Material for the task: Begin

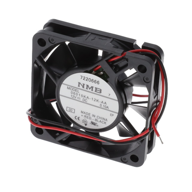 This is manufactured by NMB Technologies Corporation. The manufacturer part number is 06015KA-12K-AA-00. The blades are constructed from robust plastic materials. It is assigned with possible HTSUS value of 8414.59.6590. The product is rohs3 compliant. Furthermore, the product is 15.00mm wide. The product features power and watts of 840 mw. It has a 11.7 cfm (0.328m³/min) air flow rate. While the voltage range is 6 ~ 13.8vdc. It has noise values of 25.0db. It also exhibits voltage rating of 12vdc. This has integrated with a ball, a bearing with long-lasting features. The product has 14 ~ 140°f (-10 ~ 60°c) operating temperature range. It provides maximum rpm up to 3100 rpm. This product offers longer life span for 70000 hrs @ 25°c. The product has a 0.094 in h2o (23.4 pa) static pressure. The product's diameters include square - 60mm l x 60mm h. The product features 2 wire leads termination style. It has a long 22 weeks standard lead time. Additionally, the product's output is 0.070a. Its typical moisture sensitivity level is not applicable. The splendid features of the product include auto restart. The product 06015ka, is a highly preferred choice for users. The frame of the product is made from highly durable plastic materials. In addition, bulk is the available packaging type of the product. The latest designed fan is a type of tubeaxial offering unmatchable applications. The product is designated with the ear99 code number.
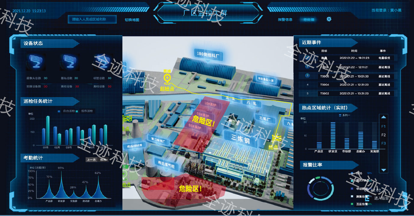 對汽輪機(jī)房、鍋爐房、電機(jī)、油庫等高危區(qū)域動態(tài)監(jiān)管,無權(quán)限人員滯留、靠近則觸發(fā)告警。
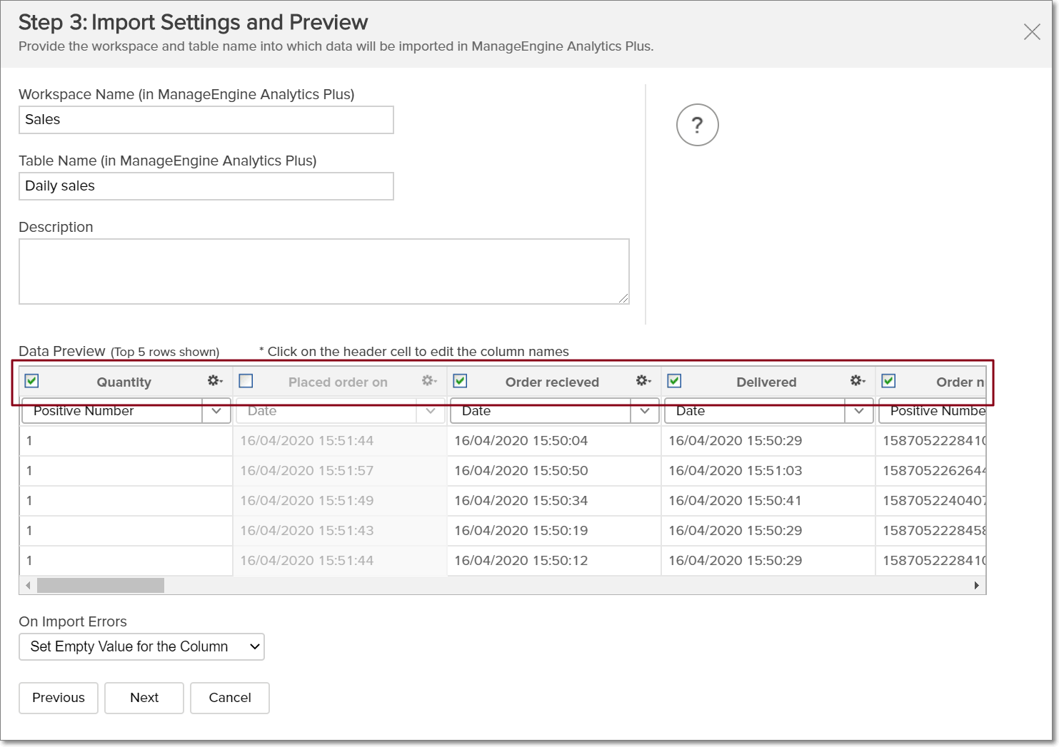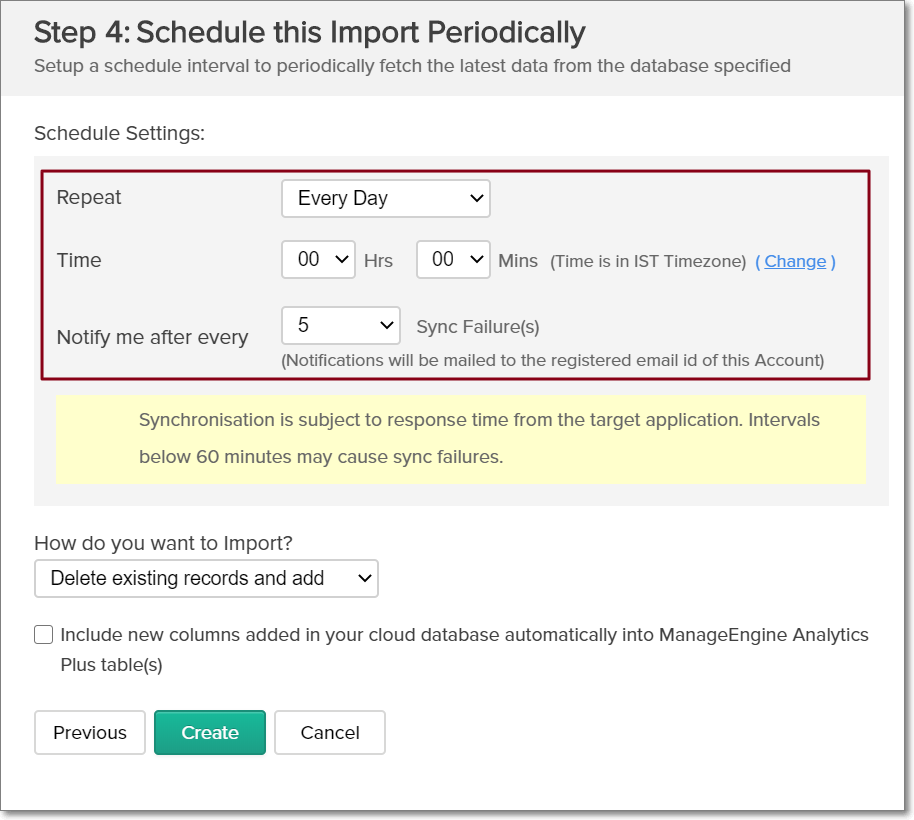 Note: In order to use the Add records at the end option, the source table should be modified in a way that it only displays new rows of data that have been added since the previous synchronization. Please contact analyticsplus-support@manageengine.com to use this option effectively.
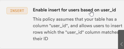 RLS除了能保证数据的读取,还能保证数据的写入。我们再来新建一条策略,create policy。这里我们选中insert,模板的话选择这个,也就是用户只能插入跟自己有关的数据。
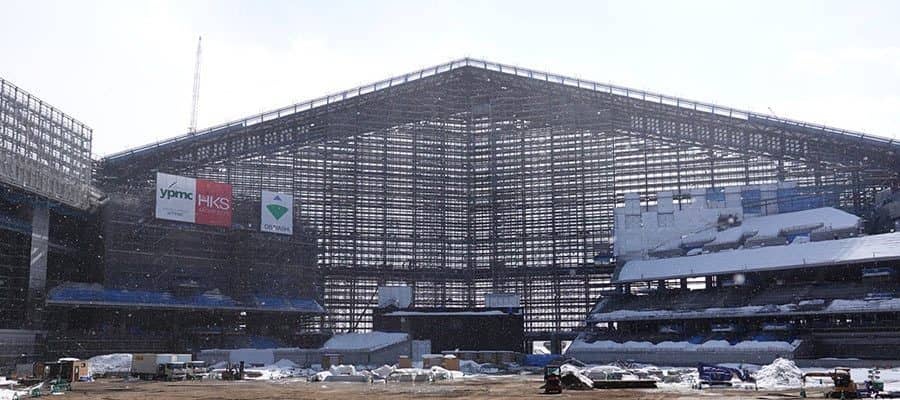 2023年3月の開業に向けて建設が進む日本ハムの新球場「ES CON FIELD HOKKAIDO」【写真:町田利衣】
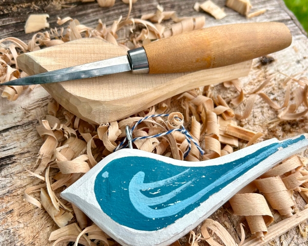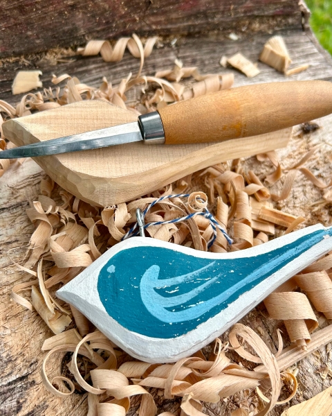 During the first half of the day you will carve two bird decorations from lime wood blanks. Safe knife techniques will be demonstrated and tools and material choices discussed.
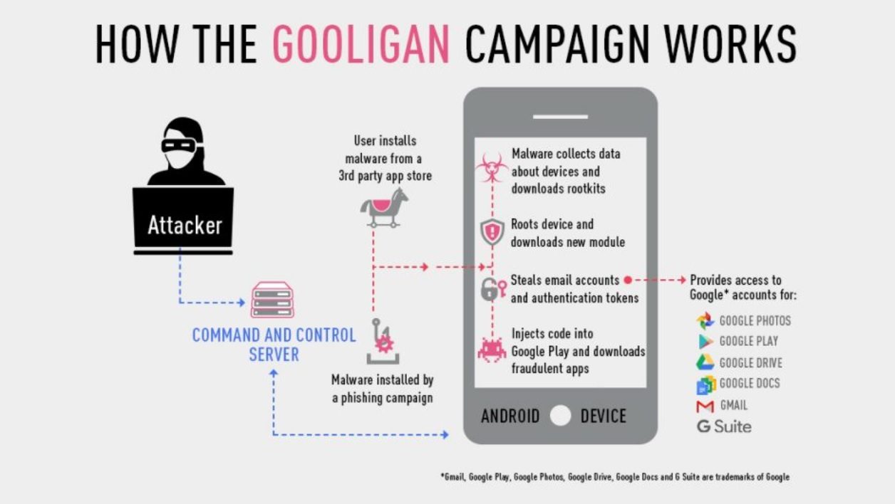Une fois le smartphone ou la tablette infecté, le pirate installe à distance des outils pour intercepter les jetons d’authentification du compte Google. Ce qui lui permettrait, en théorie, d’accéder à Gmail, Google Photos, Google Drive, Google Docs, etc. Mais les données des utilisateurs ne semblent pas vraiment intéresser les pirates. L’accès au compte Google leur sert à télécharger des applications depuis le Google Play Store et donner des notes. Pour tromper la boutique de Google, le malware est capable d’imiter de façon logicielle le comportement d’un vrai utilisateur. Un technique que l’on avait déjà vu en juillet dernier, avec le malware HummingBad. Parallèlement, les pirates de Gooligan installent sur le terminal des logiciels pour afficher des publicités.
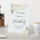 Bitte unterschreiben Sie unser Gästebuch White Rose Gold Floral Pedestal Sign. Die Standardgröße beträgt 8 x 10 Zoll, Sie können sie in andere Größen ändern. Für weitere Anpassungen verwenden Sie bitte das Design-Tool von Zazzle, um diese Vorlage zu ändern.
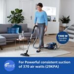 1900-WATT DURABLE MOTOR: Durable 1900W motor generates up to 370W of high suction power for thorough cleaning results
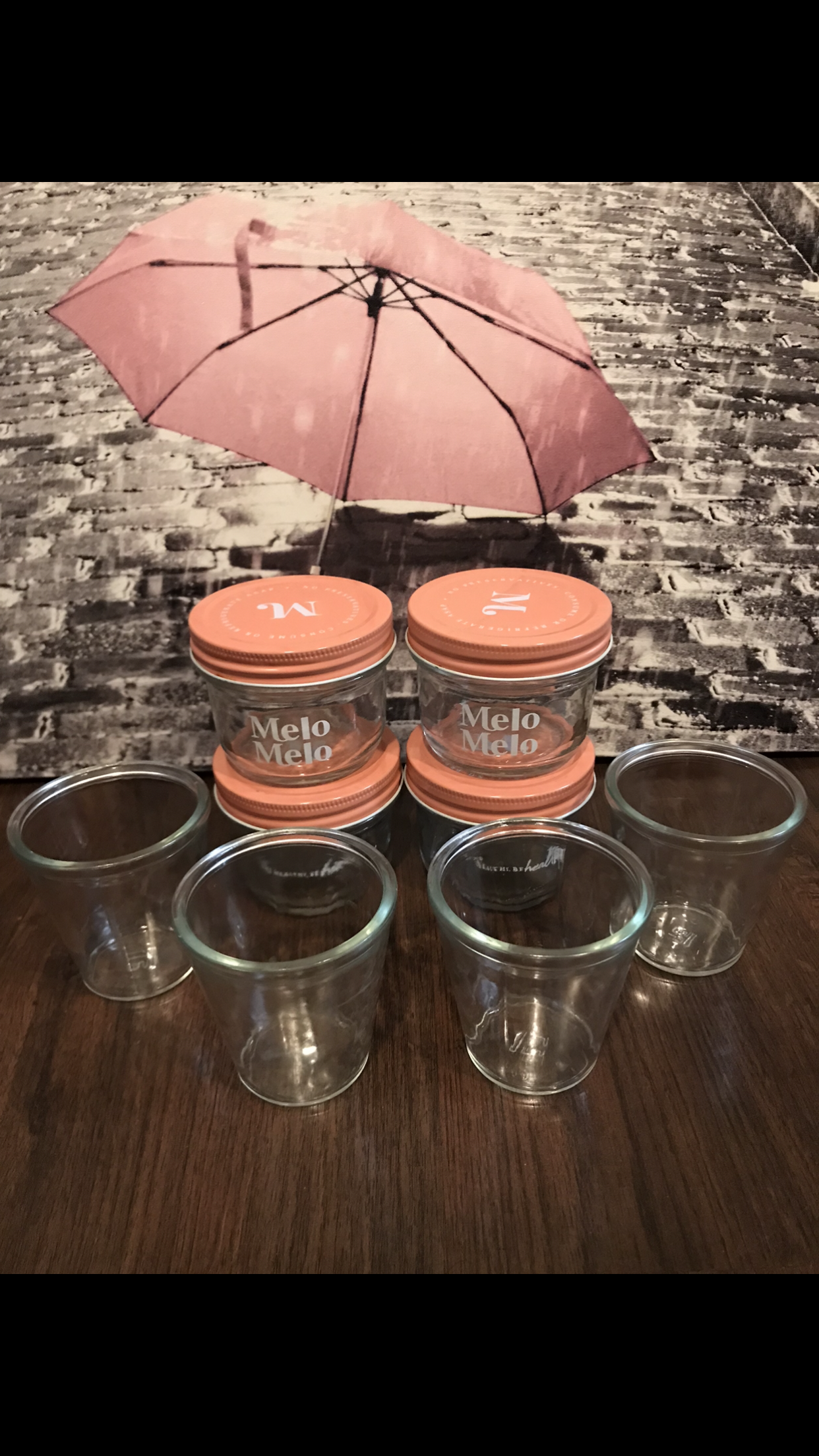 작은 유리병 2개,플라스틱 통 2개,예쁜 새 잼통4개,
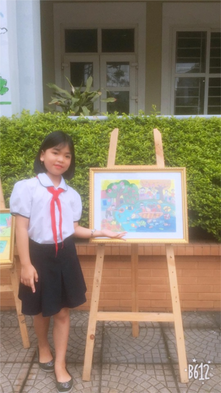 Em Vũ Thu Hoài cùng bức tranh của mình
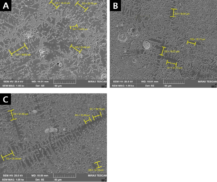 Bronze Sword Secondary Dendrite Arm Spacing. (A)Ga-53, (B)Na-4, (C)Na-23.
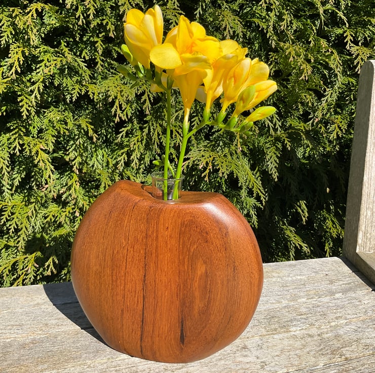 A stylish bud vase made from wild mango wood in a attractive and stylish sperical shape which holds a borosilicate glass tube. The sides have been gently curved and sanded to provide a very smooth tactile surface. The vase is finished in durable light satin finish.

Material for the task: End

- **Work order**
When you transcribe the entries above, keep every word exact and leave out the pictures.

- **Expected answer**
 This is manufactured by NMB Technologies Corporation. The manufacturer part number is 06015KA-12K-AA-00. The blades are constructed from robust plastic materials. It is assigned with possible HTSUS value of 8414.59.6590. The product is rohs3 compliant. Furthermore, the product is 15.00mm wide. The product features power and watts of 840 mw. It has a 11.7 cfm (0.328m³/min) air flow rate. While the voltage range is 6 ~ 13.8vdc. It has noise values of 25.0db. It also exhibits voltage rating of 12vdc. This has integrated with a ball, a bearing with long-lasting features. The product has 14 ~ 140°f (-10 ~ 60°c) operating temperature range. It provides maximum rpm up to 3100 rpm. This product offers longer life span for 70000 hrs @ 25°c. The product has a 0.094 in h2o (23.4 pa) static pressure. The product's diameters include square - 60mm l x 60mm h. The product features 2 wire leads termination style. It has a long 22 weeks standard lead time. Additionally, the product's output is 0.070a. Its typical moisture sensitivity level is not applicable. The splendid features of the product include auto restart. The product 06015ka, is a highly preferred choice for users. The frame of the product is made from highly durable plastic materials. In addition, bulk is the available packaging type of the product. The latest designed fan is a type of tubeaxial offering unmatchable applications. The product is designated with the ear99 code number.
 對汽輪機(jī)房、鍋爐房、電機(jī)、油庫等高危區(qū)域動態(tài)監(jiān)管,無權(quán)限人員滯留、靠近則觸發(fā)告警。
 Note: In order to use the Add records at the end option, the source table should be modified in a way that it only displays new rows of data that have been added since the previous synchronization. Please contact analyticsplus-support@manageengine.com to use this option effectively.
 RLS除了能保证数据的读取,还能保证数据的写入。我们再来新建一条策略,create policy。这里我们选中insert,模板的话选择这个,也就是用户只能插入跟自己有关的数据。
 2023年3月の開業に向けて建設が進む日本ハムの新球場「ES CON FIELD HOKKAIDO」【写真:町田利衣】
 During the first half of the day you will carve two bird decorations from lime wood blanks. Safe knife techniques will be demonstrated and tools and material choices discussed.
Une fois le smartphone ou la tablette infecté, le pirate installe à distance des outils pour intercepter les jetons d’authentification du compte Google. Ce qui lui permettrait, en théorie, d’accéder à Gmail, Google Photos, Google Drive, Google Docs, etc. Mais les données des utilisateurs ne semblent pas vraiment intéresser les pirates. L’accès au compte Google leur sert à télécharger des applications depuis le Google Play Store et donner des notes. Pour tromper la boutique de Google, le malware est capable d’imiter de façon logicielle le comportement d’un vrai utilisateur. Un technique que l’on avait déjà vu en juillet dernier, avec le malware HummingBad. Parallèlement, les pirates de Gooligan installent sur le terminal des logiciels pour afficher des publicités.
 Bitte unterschreiben Sie unser Gästebuch White Rose Gold Floral Pedestal Sign. Die Standardgröße beträgt 8 x 10 Zoll, Sie können sie in andere Größen ändern. Für weitere Anpassungen verwenden Sie bitte das Design-Tool von Zazzle, um diese Vorlage zu ändern.
 1900-WATT DURABLE MOTOR: Durable 1900W motor generates up to 370W of high suction power for thorough cleaning results
 작은 유리병 2개,플라스틱 통 2개,예쁜 새 잼통4개,
 Em Vũ Thu Hoài cùng bức tranh của mình
 Bronze Sword Secondary Dendrite Arm Spacing. (A)Ga-53, (B)Na-4, (C)Na-23.
 A stylish bud vase made from wild mango wood in a attractive and stylish sperical shape which holds a borosilicate glass tube. The sides have been gently curved and sanded to provide a very smooth tactile surface. The vase is finished in durable light satin finish.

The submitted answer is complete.